JAR, APK, binary XML, and signing. See the Packaging table above.

  • skotch-jvm: Embedded JVM via JNI. Initializes a single JavaVM instance per process and loads compiled classes via DefineClass. Used by the REPL and script runner.
  • skotch-repl: Interactive REPL and .kts script runner. Accumulates declarations across turns.
  • skotch-tape: Test recording and playback utilities.
  • skotch-cli: Binary entry point. Clap-based subcommand dispatch for emit, build, repl, run, lsp, and test.

The shipping skotch binary never invokes kotlinc, javac, d8, or Gradle.
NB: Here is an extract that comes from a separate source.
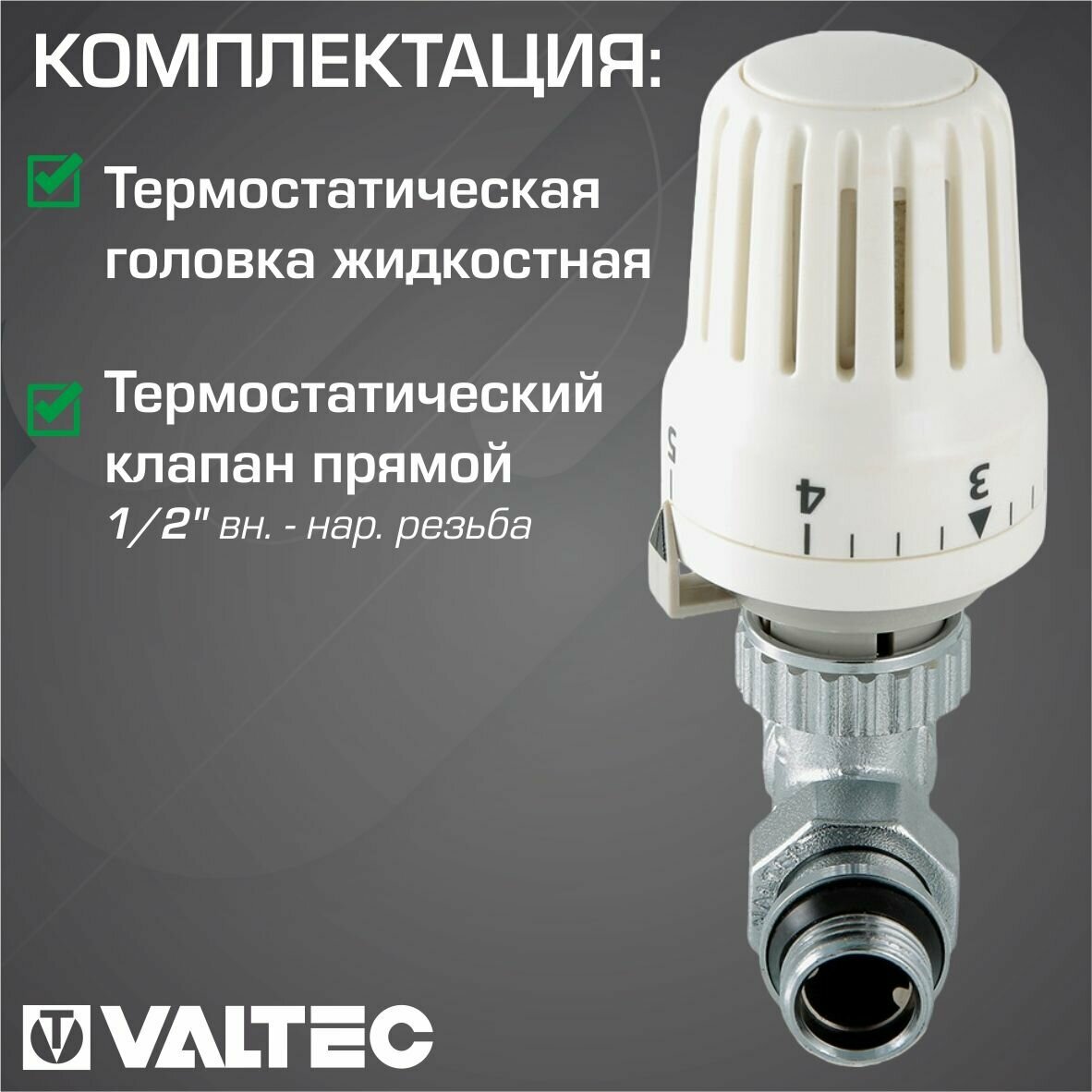 VALTEC Клапан термостатический прямой + термоголовка 1/2" VALTEC (Комплект)

The only external tool it calls is clang, for the native target’s link step. Reference outputs used for testing are generated by a separate xtask binary (the only crate allowed to shell out to external compilers) and committed to git.

All five backends consume the same MIR. This means the front-end, resolver, type checker, and MIR lowering are written once and shared across all targets. Adding a new target means writing one backend crate that lowers MIR to the new format.

JVM class files and DEX files are written directly using byteorder. Constant-pool forward references make higher-level serialization frameworks awkward for these formats, so the writers manage pool indices and backpatches manually.

The LLVM backend emits plain-text .ll files via string formatting. This avoids linking against libLLVM (which adds a system requirement and significant build time) at the cost of not running LLVM optimization passes in-process.

Test fixtures live under tests/fixtures/inputs/. Each fixture is compiled by Skotch and by the reference tool for that target (kotlinc, d8, kotlinc-native). Both outputs are committed under tests/fixtures/expected/ so CI can diff them without installing the JDK, Android SDK, or kotlinc-native. Normalizers strip cosmetic differences before comparison.

tests/fixtures/expected/
jvm/<fixture>/
skotch.class # Skotch output
skotch.norm.txt # normalized text
kotlinc.class # reference output
kotlinc.norm.txt
run.stdout # expected program output
dex/<fixture>/
skotch.dex
d8.dex
klib/<fixture>/
skotch.klib
kotlinc-native.klib
llvm/<fixture>/
skotch.ll
skotch.norm.txt

Skotch uses Rayon for nested work-stealing parallelism:

  • Modules are compiled in parallel (respecting dependency order)
  • Files within a module are compiled in parallel
  • Functions within a file can be MIR-lowered in parallel

This means a multi-module project with many source files will naturally saturate available CPU cores without any configuration.

The skotch-classinfo crate reads real .class files from JDK jmods (via JAVA_HOME) and from JARs on the CLASSPATH (including kotlin-stdlib.jar). Method signatures are parsed and cached so the type checker can resolve calls like "hello".uppercase() or java.lang.Math.abs(-1).

flowchart LR
  JMOD["JDK jmods<br/>(java.base, etc.)"] --> CI["classinfo<br/>parser"]
  STDLIB["kotlin-stdlib.jar"] --> CI
  CP["CLASSPATH JARs"] --> CI
  CI --> SIG["Method signatures<br/>+ field types"]
  SIG --> TC["Type Checker"]
  TC --> BE["Backend<br/>(invokevirtual,<br/>invokestatic)"]
  style CI fill:#2d5016,color:#eef2e7,stroke:#4a5c3e
  style TC fill:#1a2a14,color:#eef2e7,stroke:#4a5c3e

Import declarations like import java.lang.Math work, and java.lang.* is implicitly available. Resolution is deferred: if a method cannot be found in the interop index, a clear diagnostic is emitted listing the classpath that was searched.